Recognition of the extent of police violence against African males in Kenya and its wrongness has, according to Bekele-Piper, provided the jumping off point for change.
“That acknowledgement makes churches want to do better and do more; It makes parents want to teach their children differently. People now are wanting to really get caught up on what Black Lives Matter’s political ideology is – this is what our call to action is.”
“So, the target audience (for our protests) was the whole of the country. It was law makers, educators, families, parents and residents. I think that for me …, it was a call to action for everybody else who finds themselves fortunate enough to live in this country to ask themselves as to what role they would play to eliminate wanton police brutality.”
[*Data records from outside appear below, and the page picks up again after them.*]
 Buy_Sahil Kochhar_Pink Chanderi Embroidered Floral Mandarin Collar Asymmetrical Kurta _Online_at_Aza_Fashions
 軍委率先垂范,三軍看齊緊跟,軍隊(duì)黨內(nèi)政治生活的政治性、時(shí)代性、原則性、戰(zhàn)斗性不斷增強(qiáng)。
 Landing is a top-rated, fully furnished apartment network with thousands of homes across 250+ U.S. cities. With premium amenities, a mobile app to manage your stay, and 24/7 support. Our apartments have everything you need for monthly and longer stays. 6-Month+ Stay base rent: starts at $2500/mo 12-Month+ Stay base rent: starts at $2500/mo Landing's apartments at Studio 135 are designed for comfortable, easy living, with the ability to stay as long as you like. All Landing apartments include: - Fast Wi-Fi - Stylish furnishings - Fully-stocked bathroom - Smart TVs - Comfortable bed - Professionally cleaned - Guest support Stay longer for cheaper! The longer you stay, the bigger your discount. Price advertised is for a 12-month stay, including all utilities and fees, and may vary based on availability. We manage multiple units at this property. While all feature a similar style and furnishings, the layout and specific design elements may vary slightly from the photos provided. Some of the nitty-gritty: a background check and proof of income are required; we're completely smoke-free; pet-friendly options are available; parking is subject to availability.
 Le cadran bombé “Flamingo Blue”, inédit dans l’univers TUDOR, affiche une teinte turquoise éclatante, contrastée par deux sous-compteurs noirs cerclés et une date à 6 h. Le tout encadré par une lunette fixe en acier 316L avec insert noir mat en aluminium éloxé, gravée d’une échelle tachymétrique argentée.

As for who will be the driving force for making changes in oppressive systems in Kenya, Bekele-Piper quoted Angela Y. Davis: “‘We must always attempt to lift as we climb.’ It might be the activists who started it, but I think what we saw in Nairobi, other organizations like Amnesty International-Kenya supported and ‘lifted’ with smaller groups like social justice centers, a yoga group, a home school parenting group, and religious organizations such as my church. It was extending the invitations to groups previously unengaged.”
“At the end of the day, my cynicism might say nothing will change until people’s pockets hurt; until people see us divesting our money from companies and organizations that were not just in their policies; divesting our vote from organizations and politicians that don’t serve our communities well. Economic and political divestment is a powerful weapon to activate change. Change will have to be widespread; it will have to be collective; it will have to be collaborative; it will have to be, I think, humble, and it will have to take time.”
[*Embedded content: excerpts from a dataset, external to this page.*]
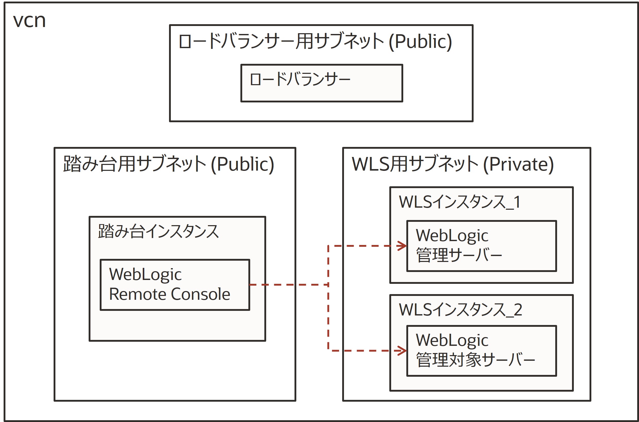マーケットプレイスから環境を作成すると、VCN(仮想クラウド・ネットワーク)やロードバランサーが自動的に構成され、プライベートネットワーク上にWebLogicがインストールされたインスタンスが作成されます。また、外部からのアクセス用に踏み台サーバー(Bastion)とパブリックサブネットも自動的に作成されます。
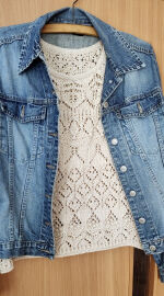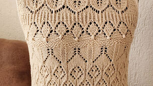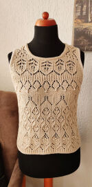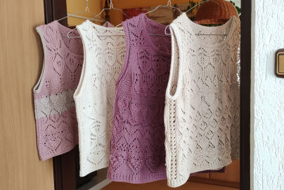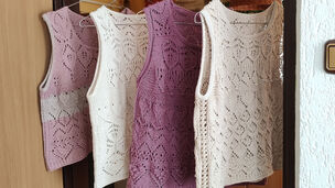 "Horní část se plete shora dolů, nejprve se v řadách plete horní část zad a přední strana a poté se v kruhových okách plete trup. Nakonec se naberou oka kolem výstřihu a průramků pro vytvoření i-cord lemového lemování. Upravila jsem jen některé vzory oproti originálu."
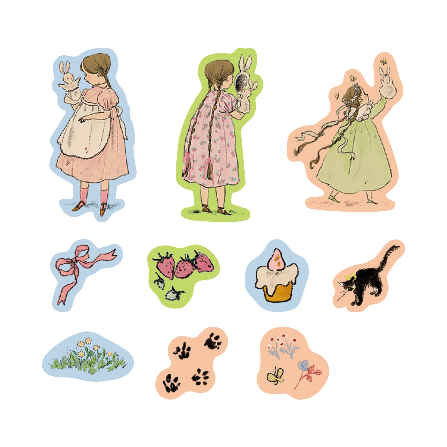 Cute flake stickers in an adorable paper box designed by Japanese artist Rei Kurahashi, known for her unique blend of retro and cozy illustrations featuring children and animals. Includes 40 flake stickers, 10 designs, 4 pieces per design.
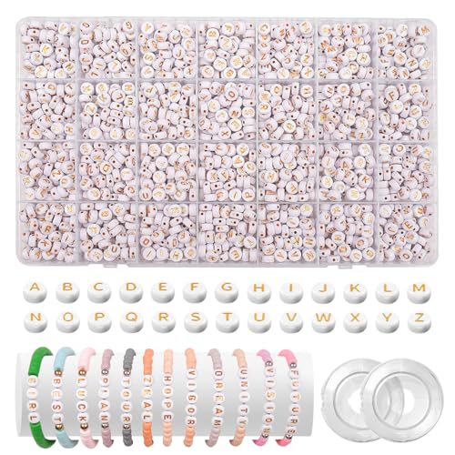 JHWELRG 1450 Stück Buchstabenperlen Set, Selber Machen Perlen für Armbänder 4 x 7mm Goldene Acryl Alphabetperlen, Buchstaben perlen zur Schmuckherstellung,Freundschaftsarmband Perlenherstellung

“A protest may be a one-day event, but the path for change is long and hard. But there is hope at the end, and that is what I think we have to keep reminding ourselves.”
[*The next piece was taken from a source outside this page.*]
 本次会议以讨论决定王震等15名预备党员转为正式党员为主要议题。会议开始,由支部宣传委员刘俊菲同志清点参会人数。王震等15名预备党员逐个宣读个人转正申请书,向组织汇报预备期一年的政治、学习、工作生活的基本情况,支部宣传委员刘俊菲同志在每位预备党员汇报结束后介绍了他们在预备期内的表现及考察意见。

“Real change will also have to be collaborative … that is what has made these protests and this movement, across the world so different. People and organizations showed up in new and different ways.”
Lilly Bekele-Piper finds her passion at the intersection of creative communication and advocacy work in human rights. “At the intersection of the arts and human rights there is the potential to change the world.” She not only exemplifies this through her podcasts but has demonstrated this through her poignant, eloquent, and insightful expose of her role in organizing protests against injustice and police brutality in the United States and Kenya.
Beverle Michaele Lax, a contributor to El Ravenswood was born and raised in the City of San Mateo. After several decades teaching college and living in Kenya, she moved back and settled in East Palo Alto. She is currently in Kenya for a visit.